### AIM OF THE TASK
Go through the listing below and write out exactly the lines from the one that mentions "Op de voorzijde" through the one that mentions "Shop_Line Out Line_Black", minus the pictures.

*** SOURCE DATA ***

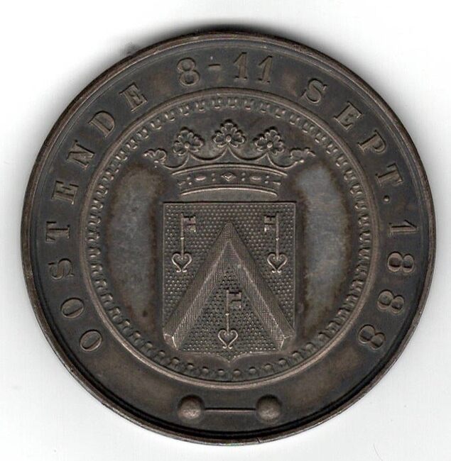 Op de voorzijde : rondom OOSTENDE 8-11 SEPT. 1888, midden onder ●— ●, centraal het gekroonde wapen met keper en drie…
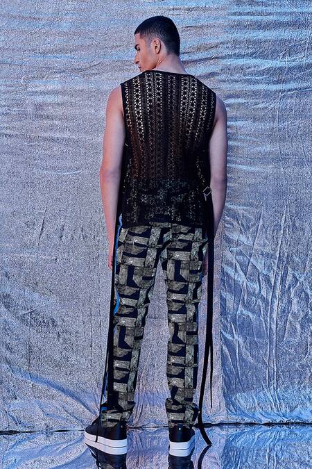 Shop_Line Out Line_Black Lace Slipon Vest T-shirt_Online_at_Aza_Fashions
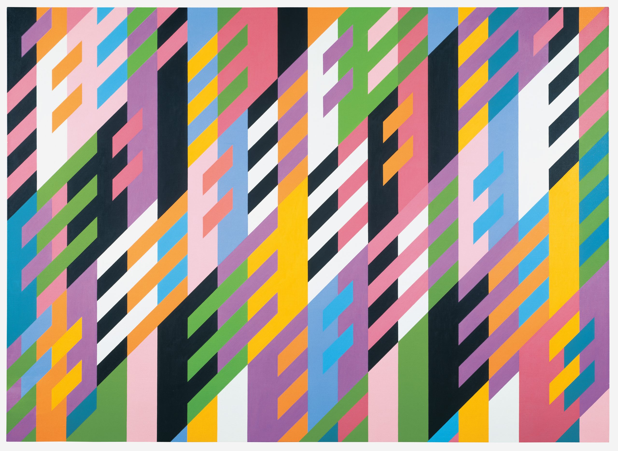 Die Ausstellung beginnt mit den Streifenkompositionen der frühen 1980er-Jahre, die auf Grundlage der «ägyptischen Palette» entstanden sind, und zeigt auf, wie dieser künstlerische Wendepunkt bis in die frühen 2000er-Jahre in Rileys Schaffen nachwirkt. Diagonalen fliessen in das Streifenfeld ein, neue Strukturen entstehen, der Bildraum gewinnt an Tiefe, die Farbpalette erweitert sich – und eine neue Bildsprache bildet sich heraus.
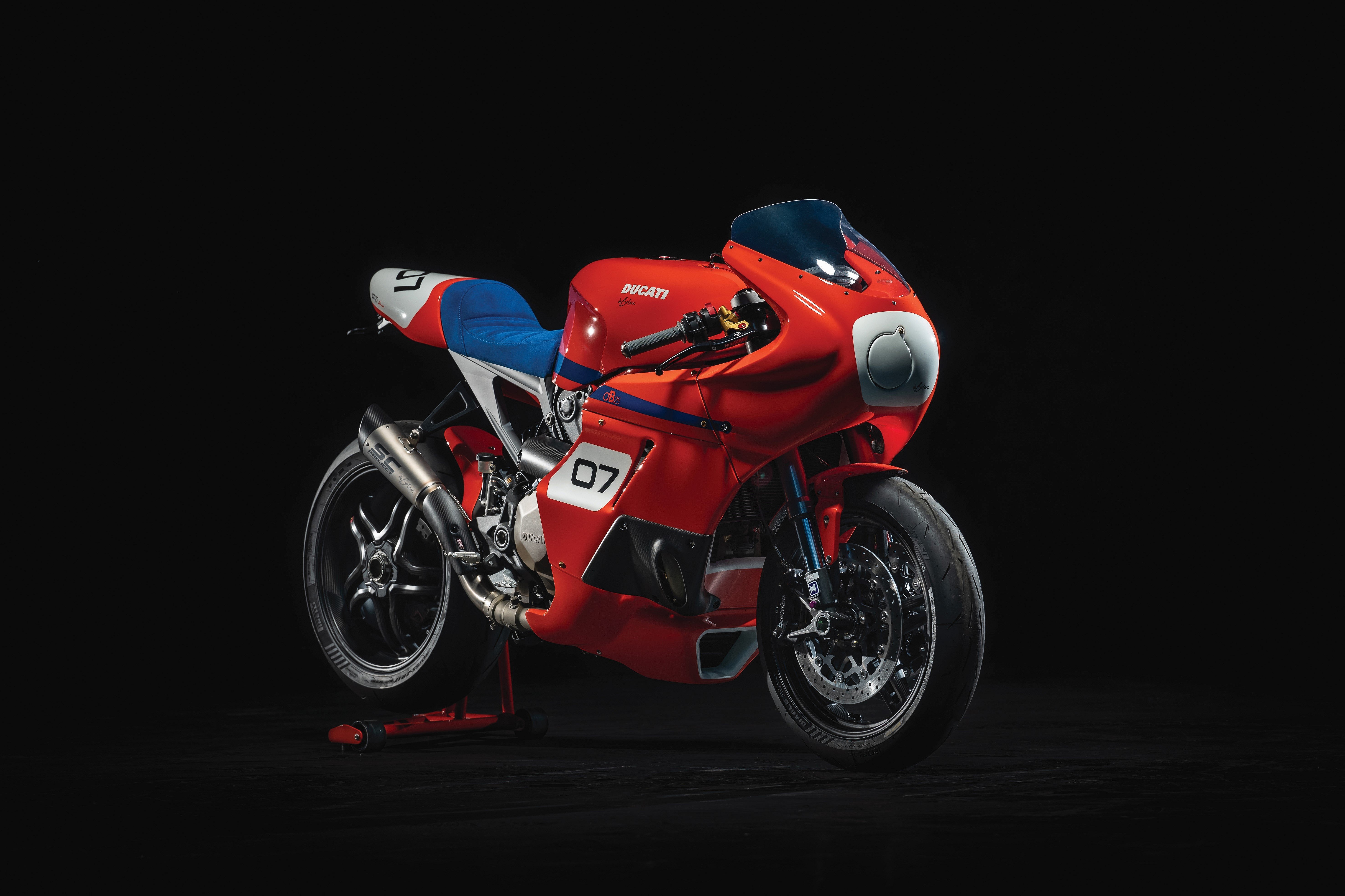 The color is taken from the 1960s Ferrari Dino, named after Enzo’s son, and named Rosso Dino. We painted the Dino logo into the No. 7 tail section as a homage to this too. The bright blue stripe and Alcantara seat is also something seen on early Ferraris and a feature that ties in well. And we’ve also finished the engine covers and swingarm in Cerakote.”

*** End of SOURCE DATA ***
*** SOURCE DATA ***

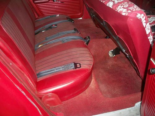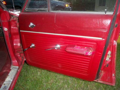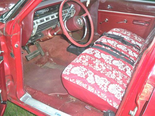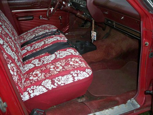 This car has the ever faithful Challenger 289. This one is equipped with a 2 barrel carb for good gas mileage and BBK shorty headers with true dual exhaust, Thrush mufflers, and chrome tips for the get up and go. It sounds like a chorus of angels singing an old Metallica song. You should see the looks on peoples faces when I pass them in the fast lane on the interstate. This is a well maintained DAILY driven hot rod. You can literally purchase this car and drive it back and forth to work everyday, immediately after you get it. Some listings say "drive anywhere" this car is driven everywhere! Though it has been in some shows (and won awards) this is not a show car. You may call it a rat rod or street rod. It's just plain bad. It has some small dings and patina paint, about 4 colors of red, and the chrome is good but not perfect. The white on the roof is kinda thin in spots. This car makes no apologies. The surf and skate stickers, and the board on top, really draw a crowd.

*** End of SOURCE DATA ***
*** SOURCE DATA ***

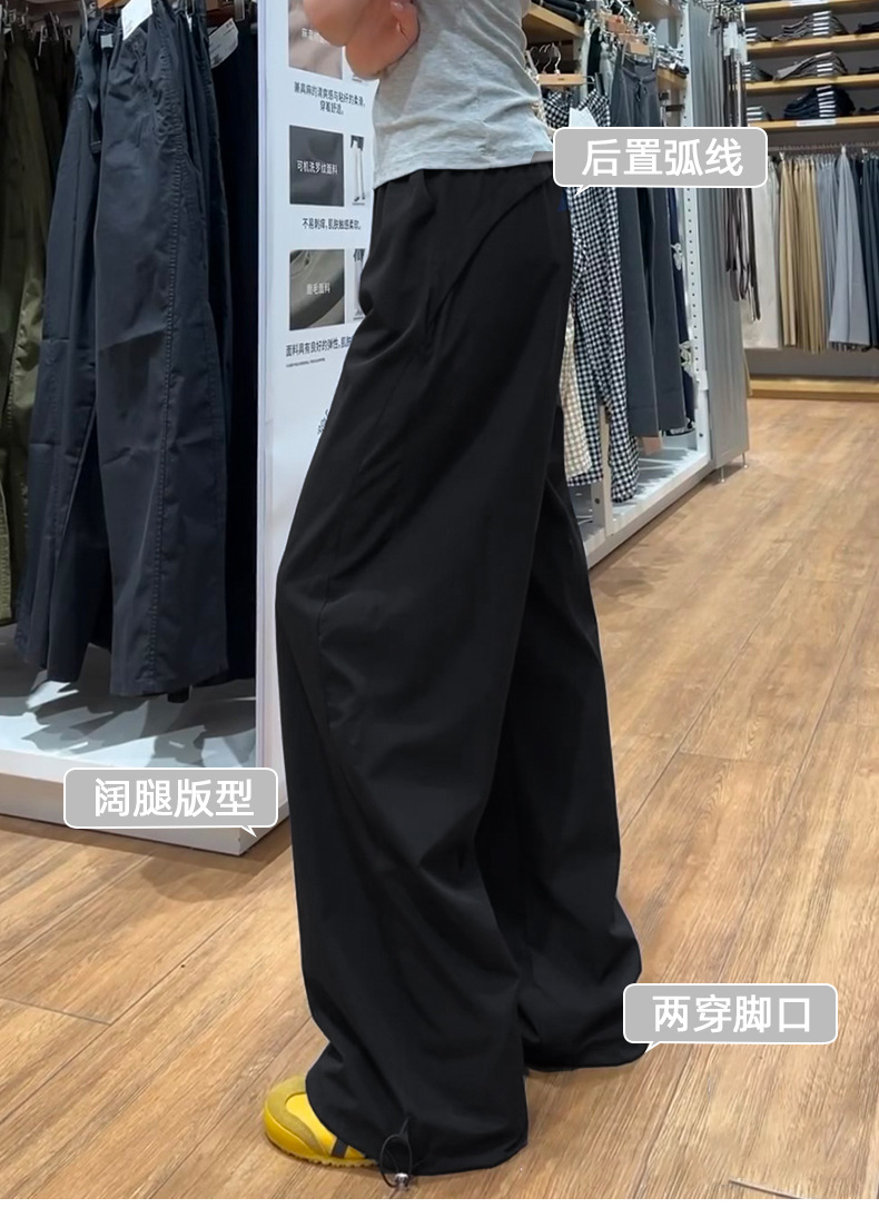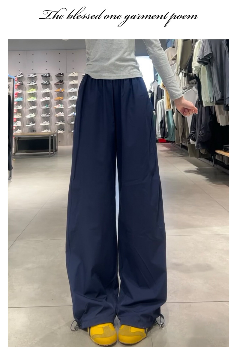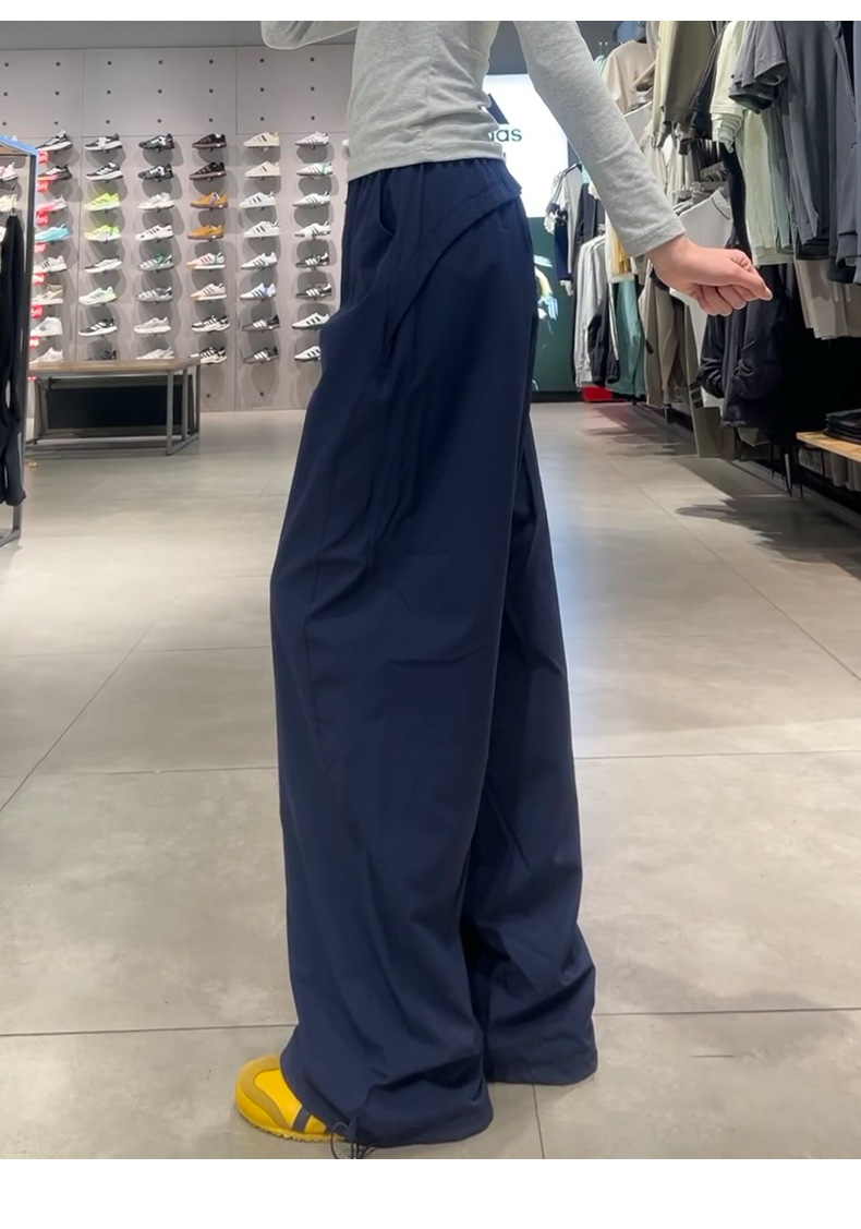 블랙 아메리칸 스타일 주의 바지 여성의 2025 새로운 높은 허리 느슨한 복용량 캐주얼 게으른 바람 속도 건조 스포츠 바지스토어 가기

*** End of SOURCE DATA ***

### RESPONSE TO THE EXERCISE
 Op de voorzijde : rondom OOSTENDE 8-11 SEPT. 1888, midden onder ●— ●, centraal het gekroonde wapen met keper en drie…
 Shop_Line Out Line_Black Lace Slipon Vest T-shirt_Online_at_Aza_Fashions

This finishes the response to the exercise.